Старец «Жизнеописания» — о. Леонид, был настоящий монах, представитель, как любят говорить литературоведы, «аскетического христианства», и в то же время «нельзя было не дивиться его всегдашней веселости»[277] . Вспомним слова Зосимы из романа: «Други мои, просите у Бога веселья» (14:290). «Спокойствие, младенчество евангельское и христианская радость никогда не оставляли чадолюбивого старца», — продолжает «Жизнеописание», и мы опять вспомним роман. «Мудрость свою он (о. Леонид. — С.Ф.) прикрывал простотой слова и простотой обращения и часто растворял наставления свои шутливостью»[278] . Вспомним главу романа «Братья Карамазовы» «Верующие бабы». «Учениками (его) не могли быть лукавые люди или политики: они не выдерживали его взгляда и хотя прилеплялись к нему, но не надолго. Сжавши сердца, они скоро отбегали от этого ученика Христова, увидев, что притворная вежливость и лживая почтительность непригодны для кельи старца, где воцарилась духовная простота и младенчество христианское»[279] . Все виды притворного смирения и фальшивого благоволения, «восторгов» целования плеча и рук старец Леонид не терпел и называл их «химерою»[280]. Можно подумать, что это пишет Достоевский о Зосиме, свободном от всякой фальшивой елейности.
Будучи строгим постником, о. Леонид умел соединять это со свободою в еде и в обращении с людьми. «Пищу старец, — говорит «Жизнеописание», — вкушал дважды в сутки, что Бог посылал, пил иногда рюмку вина или стакан пива»[281] . Вот откуда могла возникнуть реплика Ферапонта о Зосиме: «Постов не содержал по чину схимы своей, потому и указание вышло… Конфетою прельщался, барыни ему в карманах привозили» (14: 303). За трапезою о. Леонида «шла обыкновенно оживленная беседа, позволялись скромные и незлобивые шутки и рассказы… Старец иногда рассказывал анекдоты из римской истории, которую знал хорошо из старинных переводов Тацита. Одного из своих учеников шутя называл последним римлянином, может быть, потому, что этот ученик выражал мнение, что мы переживаем последние времена монашества»[282] .

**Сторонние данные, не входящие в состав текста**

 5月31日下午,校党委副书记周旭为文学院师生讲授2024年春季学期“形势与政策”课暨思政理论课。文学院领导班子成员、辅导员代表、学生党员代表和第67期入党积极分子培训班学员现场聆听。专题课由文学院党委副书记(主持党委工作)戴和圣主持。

Ферапонт Достоевского выведен великим противником старчества. И это взято из «Жизнеописания», полного данных о гонениях на о. Леонида за старчество, введенное им в Оптиной. Дело, оказывается, дошло до того, что о. Леонида и его учеников стали подозревать в ереси и даже в «масонстве», причем подозревали и гнали его такие влиятельные лица, как два архиерея — Тульский и Калужский. Только вмешательство двух Филаретов — Киевского и Московского — и заступничество Игнатия (Брянчанинова) спасли старца. И само учение о старчестве, данное Достоевским в романе (глава 5, книга 1), во многом взято из «Жизнеописания».

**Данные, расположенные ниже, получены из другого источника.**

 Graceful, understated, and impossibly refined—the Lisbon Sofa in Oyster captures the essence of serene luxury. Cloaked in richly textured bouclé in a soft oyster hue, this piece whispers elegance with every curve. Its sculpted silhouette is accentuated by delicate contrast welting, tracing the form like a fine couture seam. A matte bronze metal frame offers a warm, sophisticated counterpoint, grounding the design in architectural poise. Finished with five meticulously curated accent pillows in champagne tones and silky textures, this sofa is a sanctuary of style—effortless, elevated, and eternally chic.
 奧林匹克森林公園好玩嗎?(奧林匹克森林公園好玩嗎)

Строгое отношение Церкви к самоубийцам хорошо известно: за них не молятся в общественном богослужении, и отсюда принято, что за них вообще нельзя молиться. Поэтому отношение к ним Зосимы могло показаться тоже вольностью или выдумкой литератора, и только. «Мыслю в тайне души моей, что можно бы и за сих помолиться. За любовь не осердится ведь Христос» (14: 293), — говорит Зосима. У старца Леонида, как и у Зосимы, был молодой послушник Павел Тамбовцев, который умер 26 лет, вскоре после того, как его отец окончил жизнь самоубийством (в семье Алеши случилось и самоубийство и убийство). Старец дал Павлу молитву об отце, начинающуюся так: «Взыщи, Господи, погибшую душу отца моего (и) аще возможно есть, помилуй! Неисследимы судьбы Твои. Не постави мне во грех сей молитвы моей. Но да будет святая воля Твоя»[283] . Так что выходит, и в этом вопросе «розовое христианство» Достоевского ближе к оптинскому монашескому духу, чем выдуманное «черное православие» Леонтьева.
В романе есть характерная деталь: оказывается, Зосима кроме молитвы (как средства духовного), применял для лечения людей и обычные медицинские средства («…покойник, святой–то ваш… чертей отвергал. Пурганцу от чертей давал» (Там же: 303), — кричит Ферапонт). Очевидно, эта подробность взята из «Жизнеописания»: о. Леонид применял иногда народные медицинские средства и даже сам изготовлял одно лекарство и давал его больным[284] .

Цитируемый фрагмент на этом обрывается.